Fastenal-FAST reported November sales increased 15.4% to $365.5 million with average daily sales also up 15.4% to $17.4 million. By geography, U.S. sales rose 13.8% and total North American sales were up 15%. By end market, manufacturing sales rose 17.2% and non-residential construction sales were up 10.8%. By product line, sales rose 14.1% in fasteners and 16.6% in other products. Year-to-date, the company has opened 18 new branch locations ending the month with 2,421 locations. Total personnel increased 4% to 20,593.

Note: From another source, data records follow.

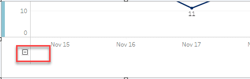 Use the "-" or "+" button at the lower left of the report to move dates in our out. The zoom lets the user view the data in the selected time frame grouped by day, week, month, quarter or year. Zooming in or out changes which grouping you're using within the time frame you have selected in the filters.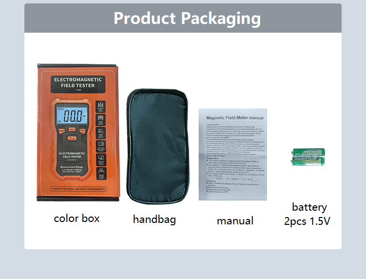 VC522 Household electromagnetic radiation measuring instrument EMF Meter, Data hold, Backlight and REL test functions.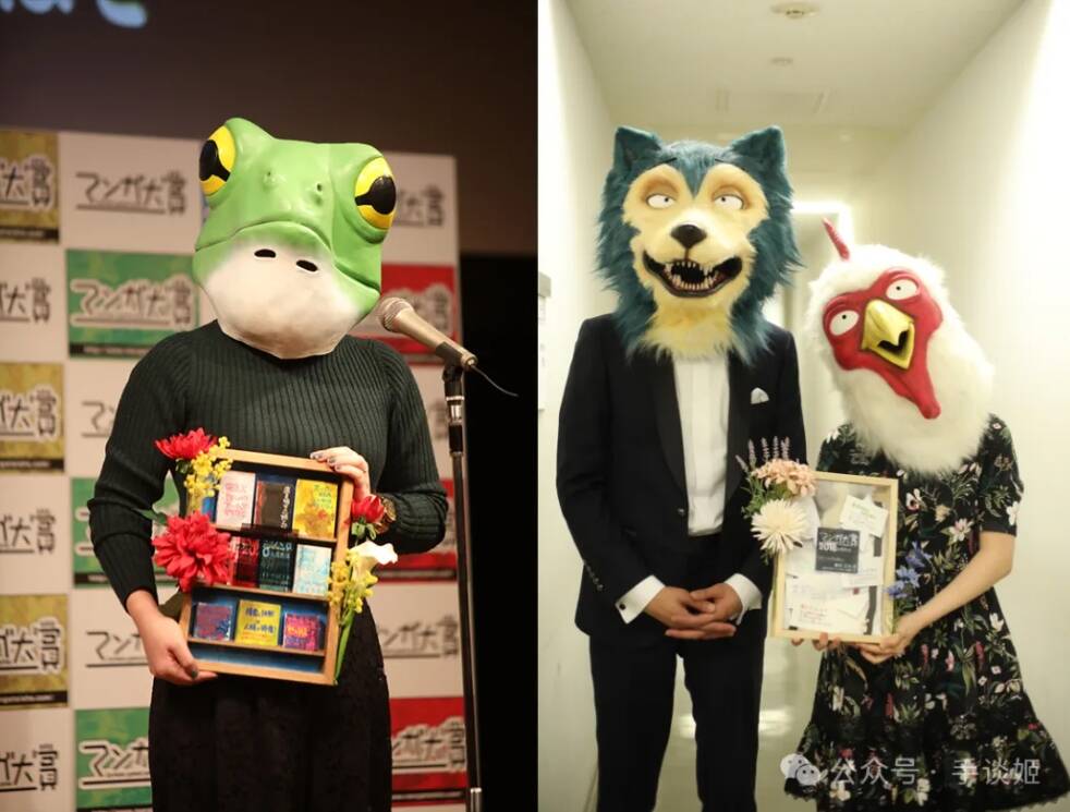 另外《蓝色时期》的作者山口飞翔、《BEASTARS》作者板垣巴留,也在领这个奖时戴了头套。感觉国内更多是在彩票中大奖时会出现这种情况……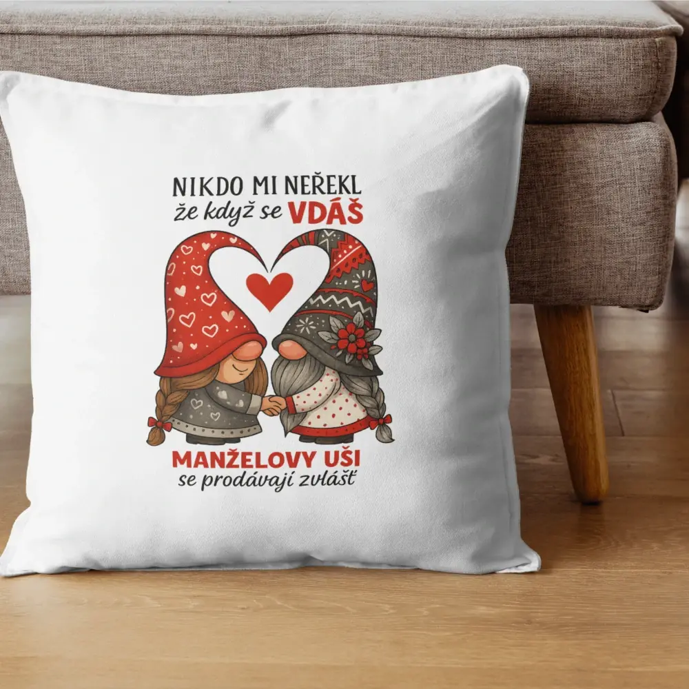 Tenhle polštář s trefným nápisem „Manželovy uši se prodávají zvlášť“ je přesně ten typ dárku, který mluví za vše 😄

Private sector employment increased by 190,000 jobs from October to November according to the November ADP National Employment Report(R). "The labor market continues to grow at a solid pace," said Ahu Yildirmaz, vice president and co-head of the ADP Research Institute-ADP. "Notably, manufacturing added the most jobs the industry has seen all year. As the labor market continues to tighten and wages increase it will become increasingly difficult for employers to attract and retain skilled talent."  Mark Zandi, chief economist of Moody's Analytics, said, "The job market is red hot, with broad-based job gains across industries and company sizes. The only soft spots are in industries being disrupted by technology, brick-and-mortar retailing being the best example. There is a mounting threat that the job market will overheat next year." 


Tuesday, Dec. 5, 2017

MasterCard-MA announced that its Board of Directors has declared a quarterly cash dividend of 25 cents per share, a 14 percent increase over the previous dividend of 22 cents per share. The Board of Directors also approved a new share repurchase program, authorizing the company to repurchase up to $4 billion of its Class A common stock. The new share repurchase program will become effective at the completion of the company’s previously announced $4 billion share repurchase program. The company has approximately $1.5 billion remaining under the current program authorization.

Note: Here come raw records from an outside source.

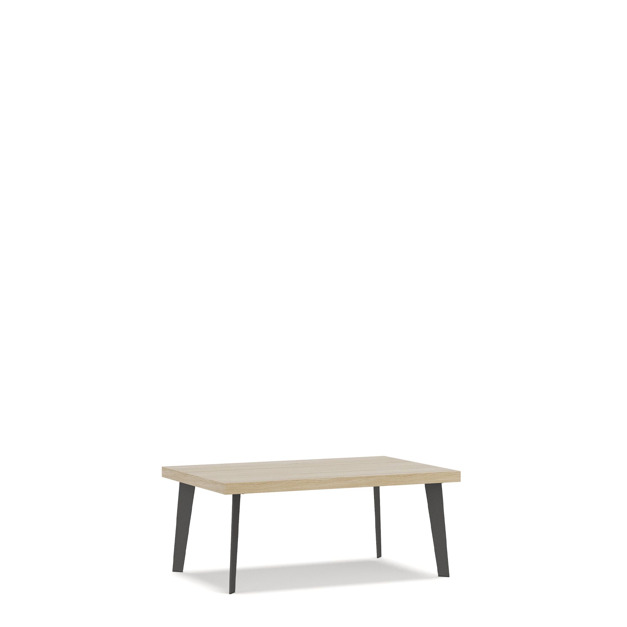 Минималистичный журнальный стол Napoli в отделке древесной текстурой базируется на устойчивых металлических опорах с покрытием черного цвета.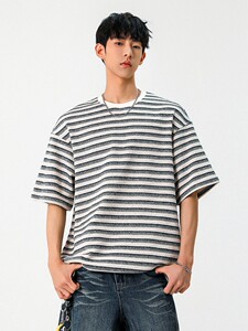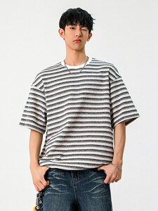 310g重磅肌理撞色条纹短袖T恤男夏季日系复古潮牌宽松半袖体恤衫q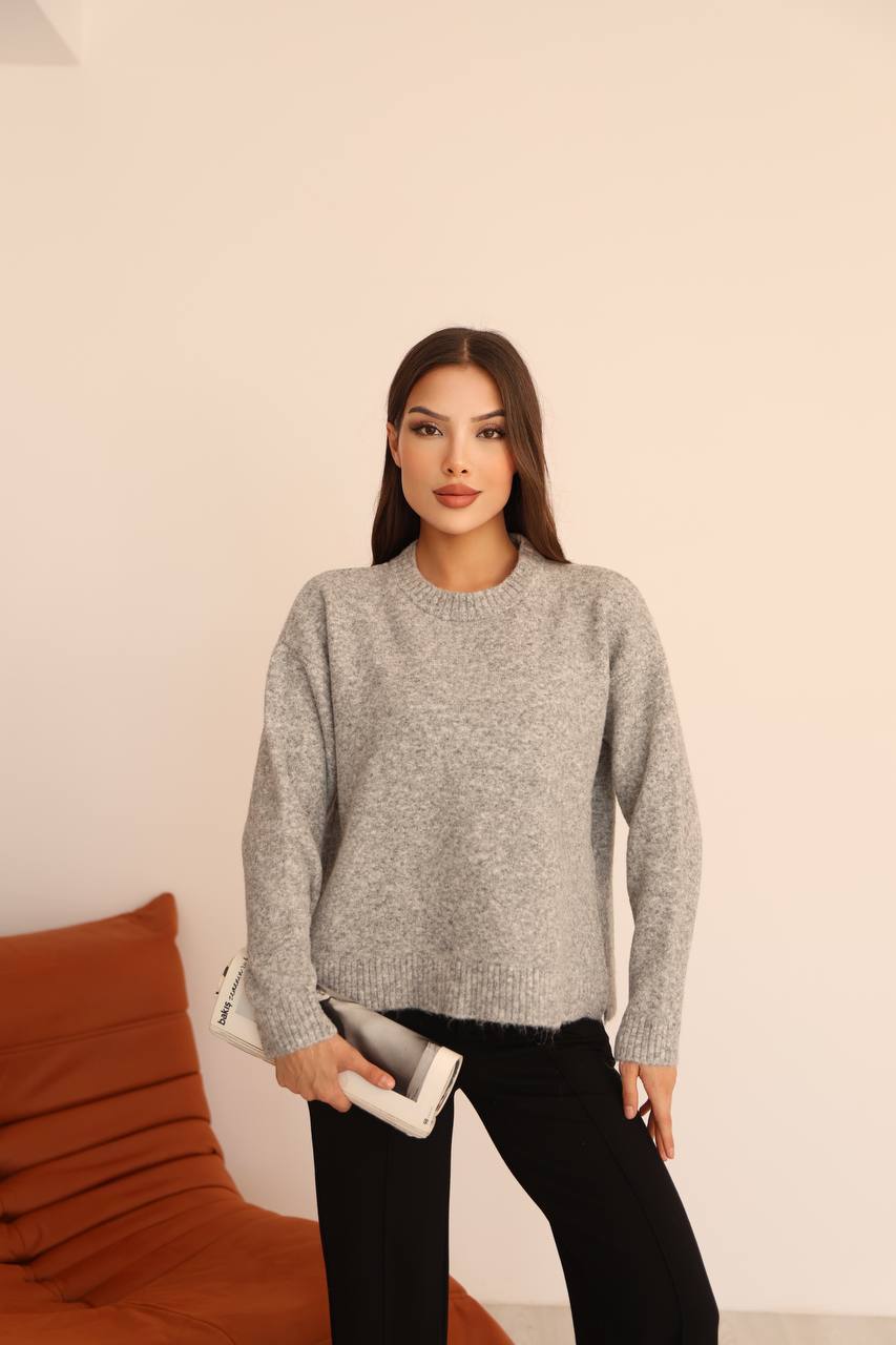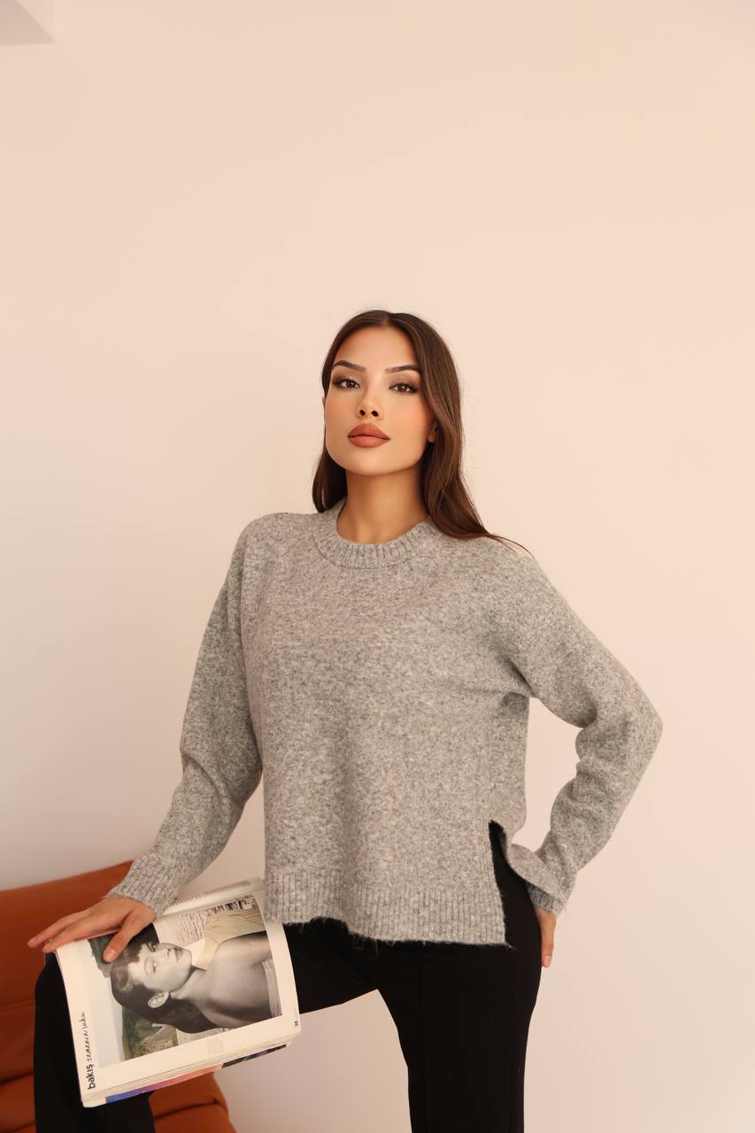 Женский Теплый Базовый Серый Свитер Оверсайз с Разрезами по Бокам

AbbVie-ABBV announced positive top-line results from IMMhance, the fourth pivotal Phase 3 clinical trial evaluating risankizumab (150 mg) for the treatment of patients with moderate to severe plaque psoriasis. "These positive results are consistent with the previous data we have seen with risankizumab throughout the pivotal Phase 3 clinical trial program," said Michael Severino, M.D., executive vice president, research and development and chief scientific officer, AbbVie. "With a significant portion of risankizumab patients achieving high levels of skin clearance, these results add to the data supporting risankizumab's potential to be an impactful new treatment option for patients living with psoriasis. We look forward to sharing additional data from the pivotal trial program with the scientific community and regulatory authorities as we prepare to move forward with global regulatory submissions."

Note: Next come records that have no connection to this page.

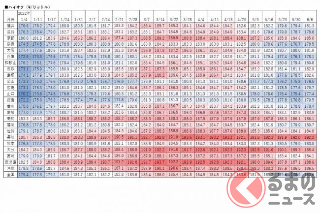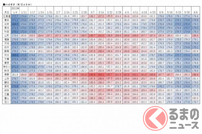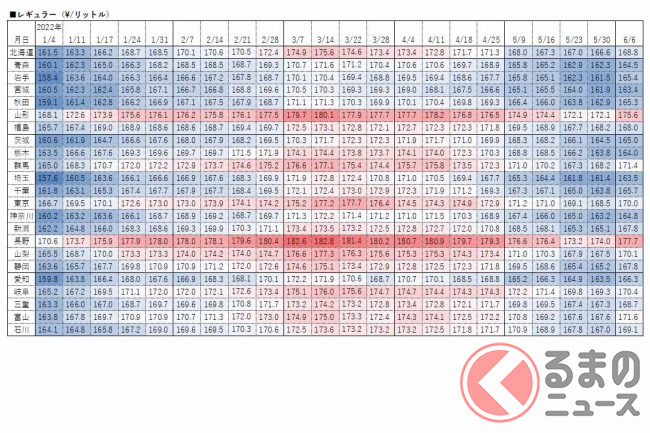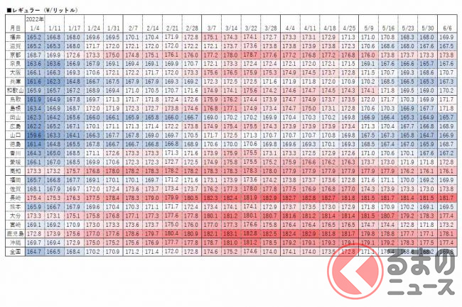 資源エネルギー庁は2022年6月8日、レギュラーガソリンの6日時点の店頭小売価格(消費税込)を発表しました。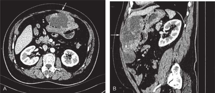 患者呈急性面容,皮肤黏膜苍白,未见黄疸,浅表淋巴结未触及肿大,双下肢不肿。腹部饱满,可见手术瘢痕,无静脉曲张,未见胃肠型及蠕动波;腹部稍硬,有压痛但无反跳痛,中上腹可触及一形状不规则的较大肿物,质地稍硬,大小不易估计,活动性差;肝脾肋下未触及;Murphy征(-),移动性浊音(-);肠鸣音约6次 /min。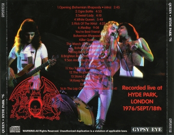 | Track listing: | A Day At The Races overture, Bohemian Rhapsody (tape & rock part), Ogre Battle, Sweet Lady, White Queen, Flick Of The Wrist, You're My Best Friend, Bohemian Rhapsody (verses), Killer Queen, The March Of The Black Queen, Bohemian Rhapsody (reprise), Bring Back That Leroy Brown, Brighton Rock, Son And Daughter, '39, You Take My Breath Away, The Prophet's Song, Stone Cold Crazy [cut], Keep Yourself Alive, Liar, In The Lap Of The Gods...Revisited | |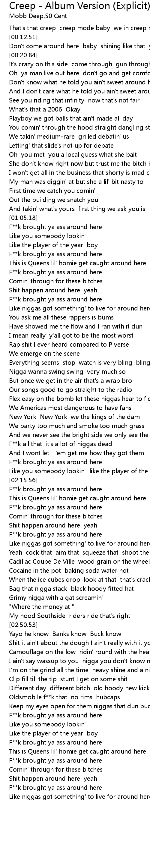 | [02:04.76] | F**k all that it's a lot of niggas dead |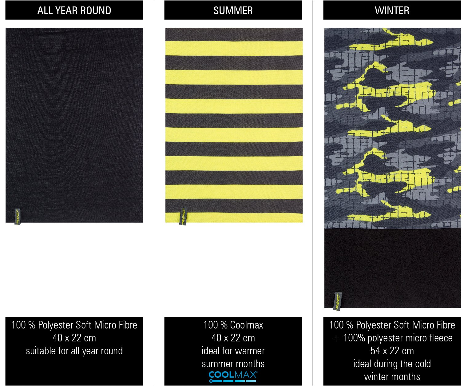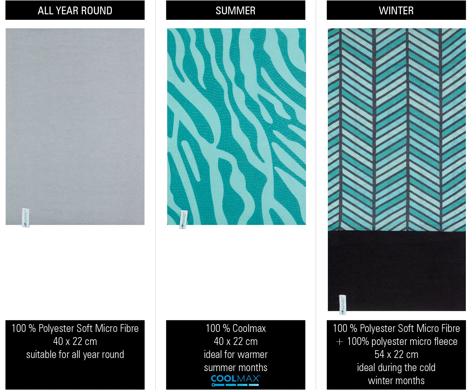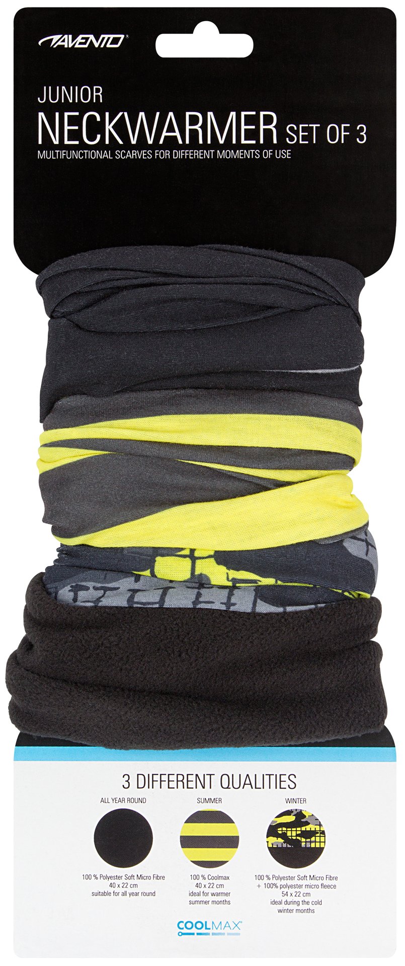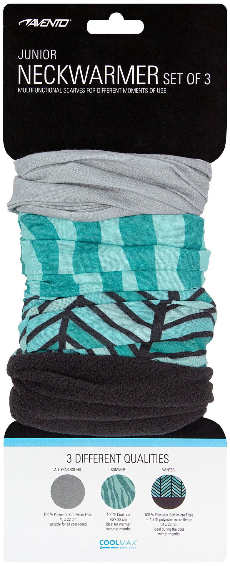 | Characteristics | • neckwarmer 1 made of 100% polyester, suitable for all year round • neckwarmer 2 made of 100% Coolmax®, ideal for warmer summer months • neckwarmer 3 made of polyester with an additional anti-pilling micro fleece part, ideal during the cold winter months • several ways to wear; scarf, bandana, hat etc. • dimensions neckwarmer 1 and 2 approx. 40 x 22 cm • dimensions neckwarmer 3 approx. 54 x 22 cm |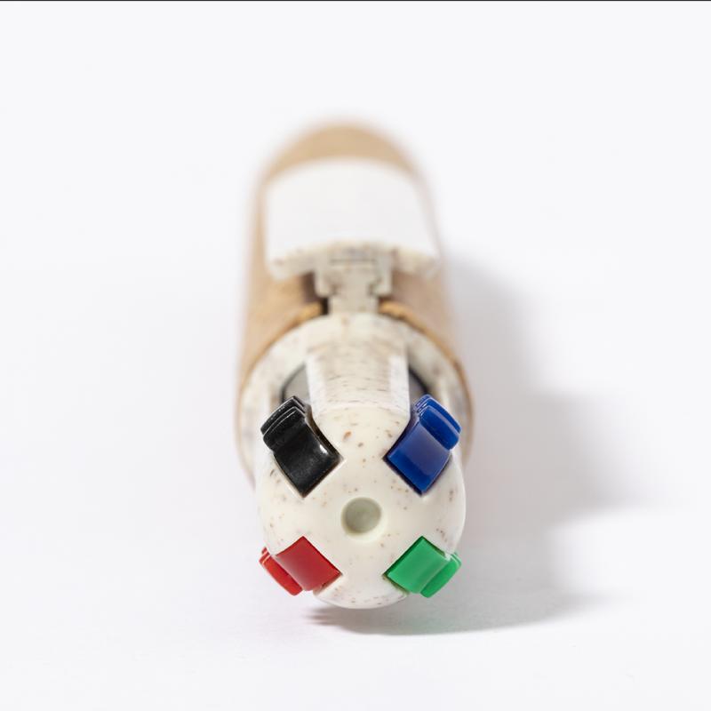 Bolígrafo 4 en 1 con mecanismo pulsador retráctil. Combinación de cuerpo en corcho natural y accesorios en caña de trigo y ABS, para fomentar la utilización y reciclado de materias primas, reduciendo así las emisiones contaminantes. De 4 cartuchos en tinta azul, roja, negra y verde.Elaborado con elementos vegetales para así fomentar la utilización de materias primas naturales y reducir las emisiones contaminantes.

Starbucks Reserve Roastery opened in Shanghai, the first fully immersive coffee experience in Asia. The Roastery is the epitome of coffee and retail innovation for Starbucks-SBUX in China, the company’s fastest growing market with more than 3,000 stores across 136 cities, unprecedented for any global consumer brand and with immense growth opportunity. Starbucks already has over 600 stores in Shanghai – the largest number of stores in any city where Starbucks has a presence.